##### Data shown #####

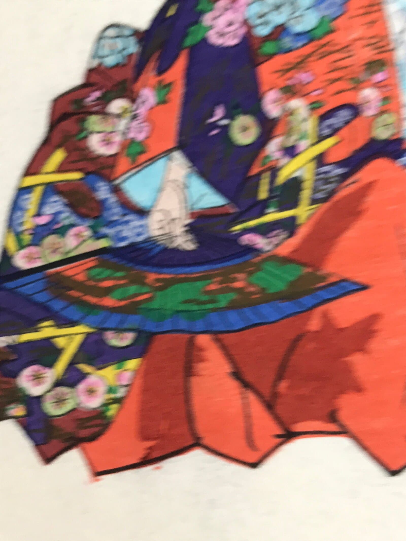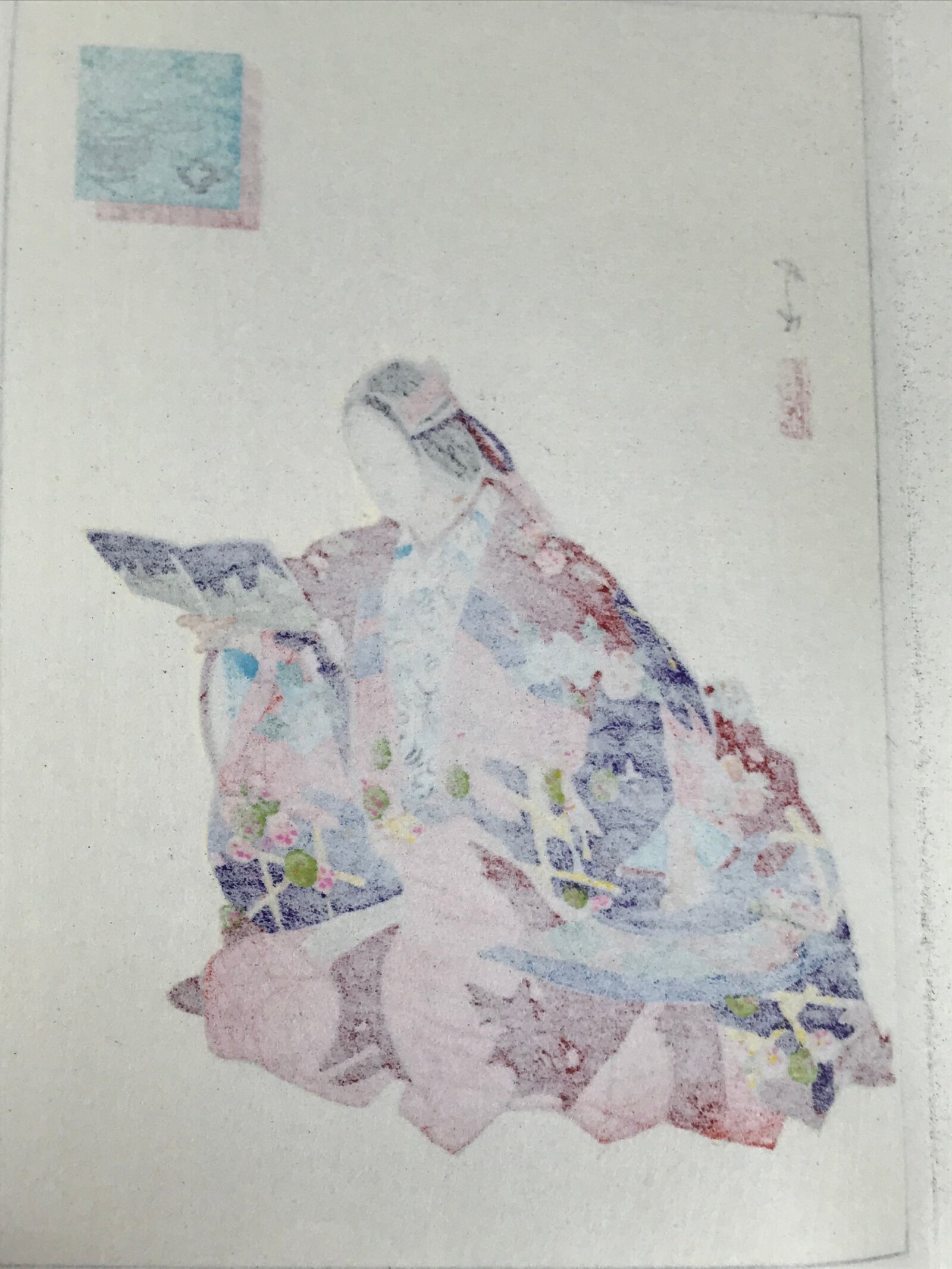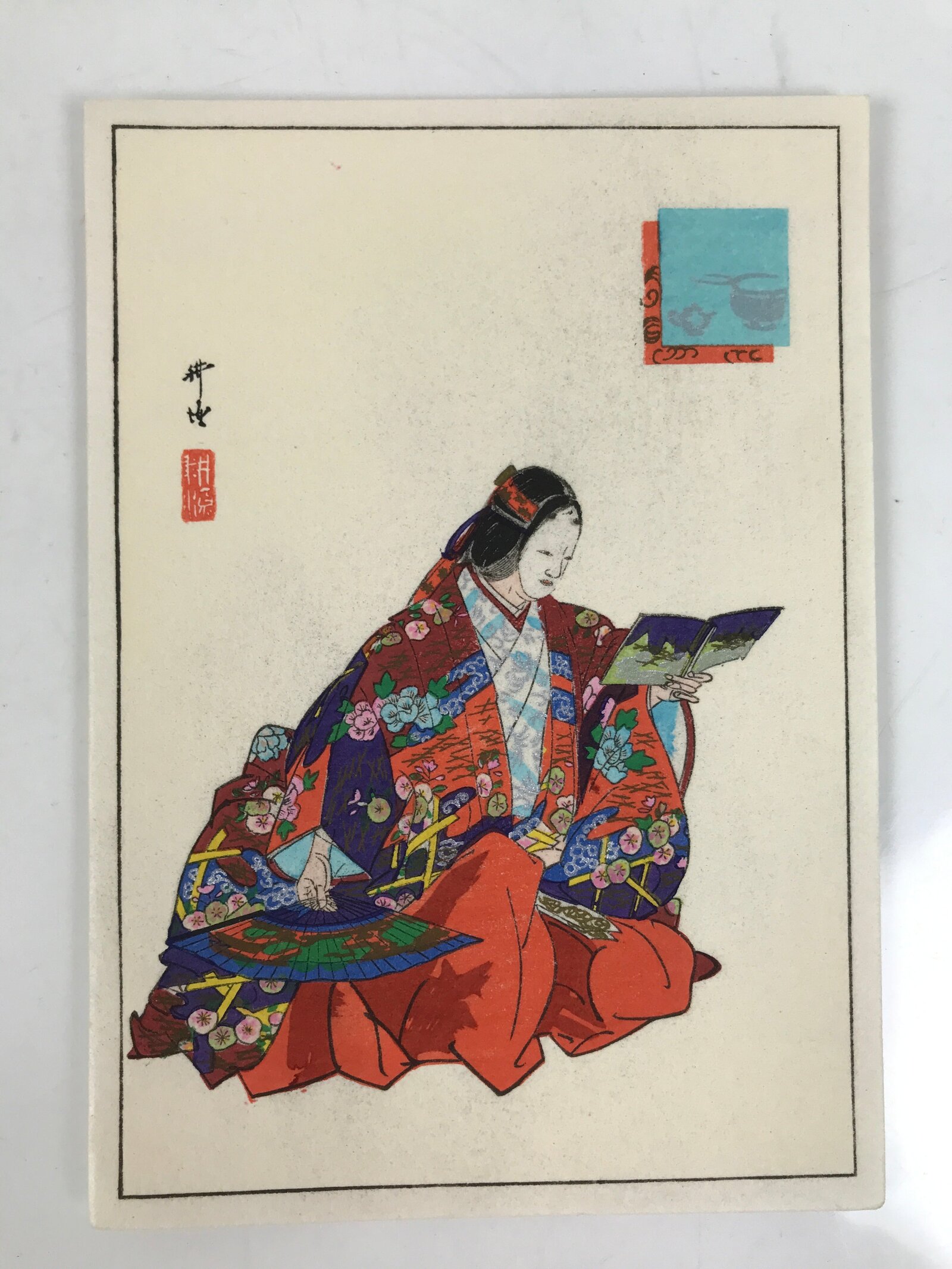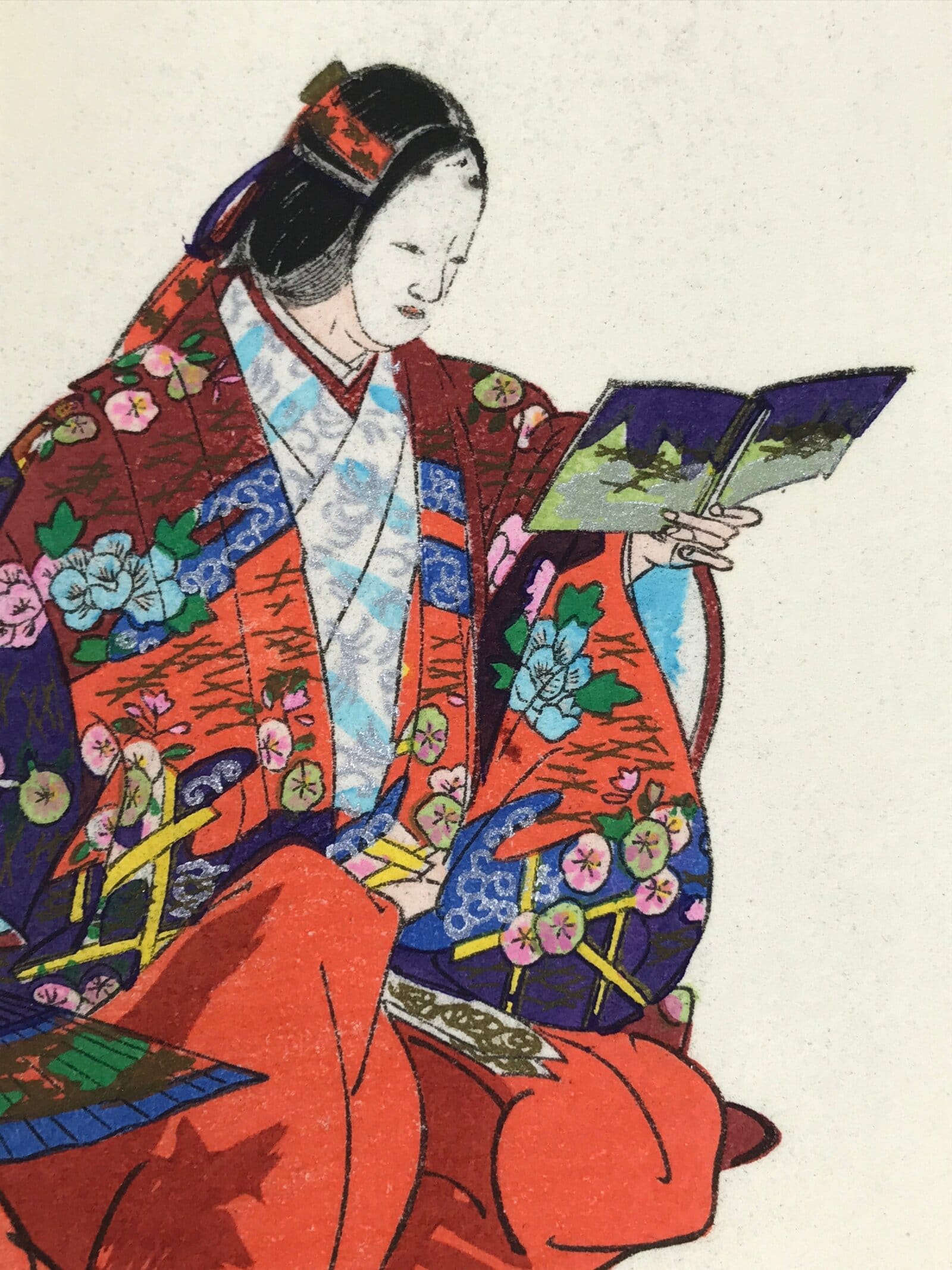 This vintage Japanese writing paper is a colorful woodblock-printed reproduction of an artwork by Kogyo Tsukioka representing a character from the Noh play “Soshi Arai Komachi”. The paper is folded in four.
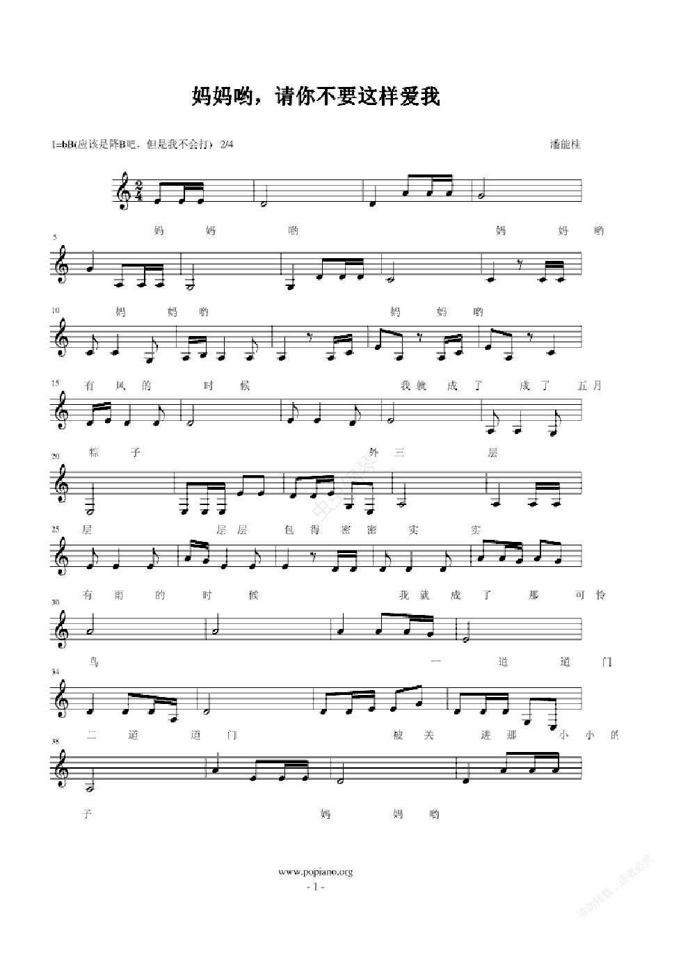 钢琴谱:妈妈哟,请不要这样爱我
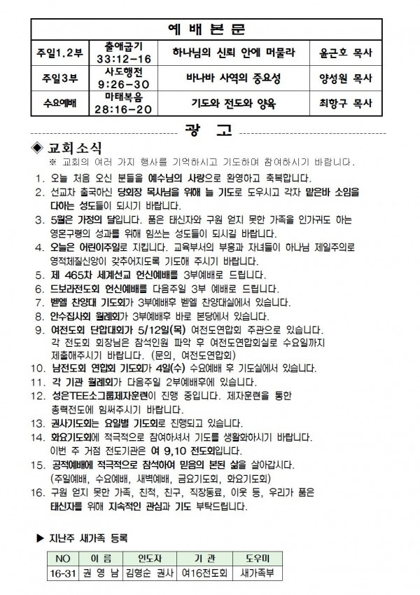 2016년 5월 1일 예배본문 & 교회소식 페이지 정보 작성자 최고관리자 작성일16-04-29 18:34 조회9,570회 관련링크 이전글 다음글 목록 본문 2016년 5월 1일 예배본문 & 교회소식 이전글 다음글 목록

#####

--- Problem requirements ---
Write every line above out again exactly; pictures do not belong in the copy.

--- Written answer ---
 This vintage Japanese writing paper is a colorful woodblock-printed reproduction of an artwork by Kogyo Tsukioka representing a character from the Noh play “Soshi Arai Komachi”. The paper is folded in four.
 钢琴谱:妈妈哟,请不要这样爱我
 2016년 5월 1일 예배본문 & 교회소식 페이지 정보 작성자 최고관리자 작성일16-04-29 18:34 조회9,570회 관련링크 이전글 다음글 목록 본문 2016년 5월 1일 예배본문 & 교회소식 이전글 다음글 목록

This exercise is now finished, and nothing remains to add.